--- Problem details ---
Your answer must be exactly the lines from the one containing "从2021年下半年起,多项支" through the end of the material, both ends included, without pictures.

--- Information provided ---
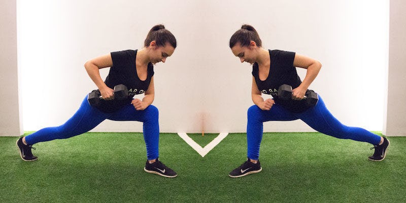 Lunge forward with your left arm grasping the dumbbell. Bend your arm on the knee that's at a right angle. With your weight, concentrate on pushing the elbow back while bringing the weight to your chest.
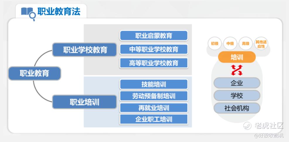 从2021年下半年起,多项支持职业教育发展的政策出台,意在积极鼓励职业教育发展,扫除民办高校/职教板块发展的不确定性,鼓励上市公司、行业龙头参与到职业教育、职业培训的业务。并且在今年5月,新修订的《职业教育法》正式实施,明确职业教育和普通教育地位同等重要,包含“职业学校教育和职业教育培训”两种形式,国家鼓励、指导、支持企业和其他社会力量举办职业学校,鼓励金融机构通过提供金融服务支援发展职业教育。
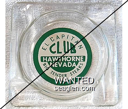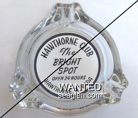 HAW-G1 Hawthorne Club 3 1/2" Clear Glass Ashtray "Hawthorne Club, The Bright Spot, Open 24 Hours, Hawthorne, Nevada" - Black on white |
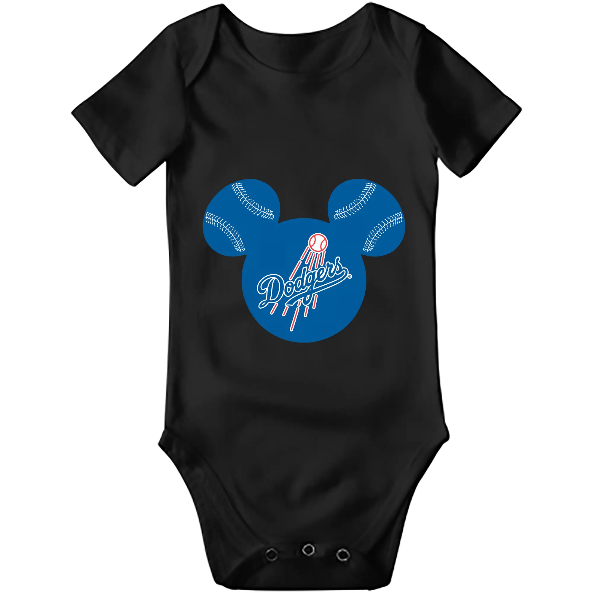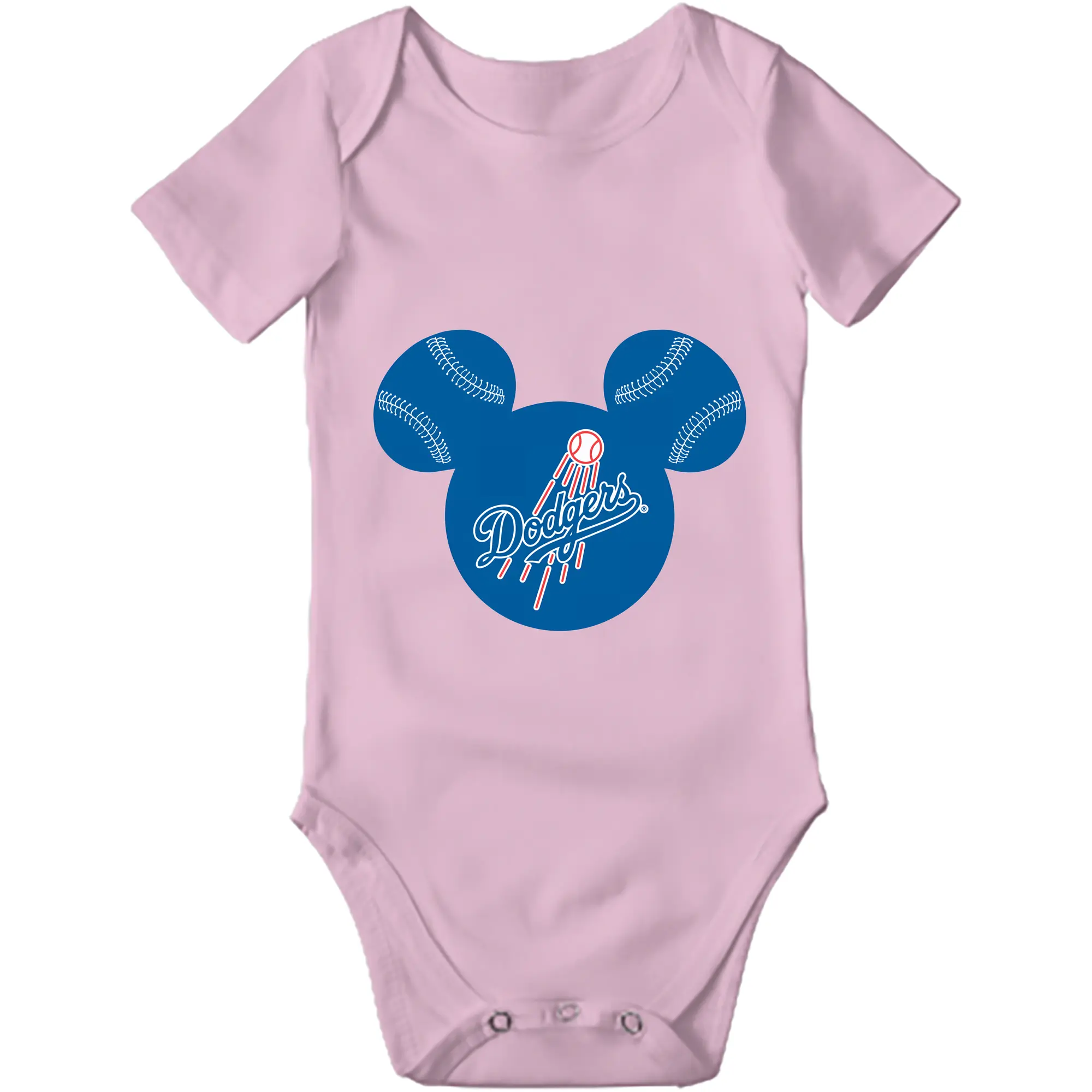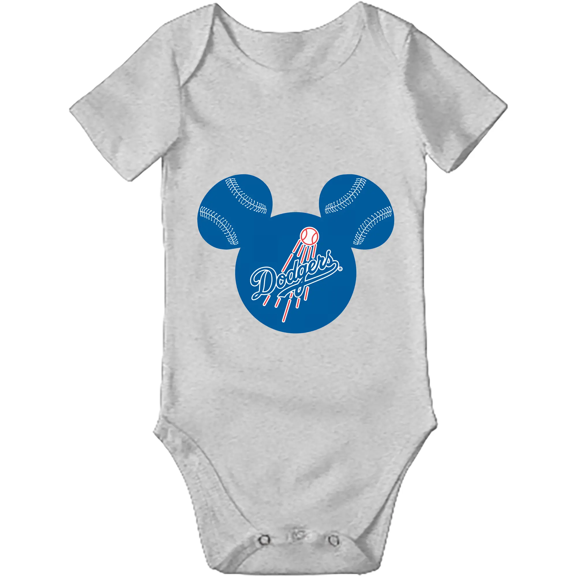Los Angeles Dodgers Baseball Mickey Mouse - Baby Short Sleeve Romper – 100% Cotton Soft & Breathable Digital Print Onesie With Easy Snap Closure And Envelope Shoulder – Comfortable For Daily Wear & Travel

--- Exercise result ---
 从2021年下半年起,多项支持职业教育发展的政策出台,意在积极鼓励职业教育发展,扫除民办高校/职教板块发展的不确定性,鼓励上市公司、行业龙头参与到职业教育、职业培训的业务。并且在今年5月,新修订的《职业教育法》正式实施,明确职业教育和普通教育地位同等重要,包含“职业学校教育和职业教育培训”两种形式,国家鼓励、指导、支持企业和其他社会力量举办职业学校,鼓励金融机构通过提供金融服务支援发展职业教育。
 HAW-G1 Hawthorne Club 3 1/2" Clear Glass Ashtray "Hawthorne Club, The Bright Spot, Open 24 Hours, Hawthorne, Nevada" - Black on white |
Los Angeles Dodgers Baseball Mickey Mouse - Baby Short Sleeve Romper – 100% Cotton Soft & Breathable Digital Print Onesie With Easy Snap Closure And Envelope Shoulder – Comfortable For Daily Wear & Travel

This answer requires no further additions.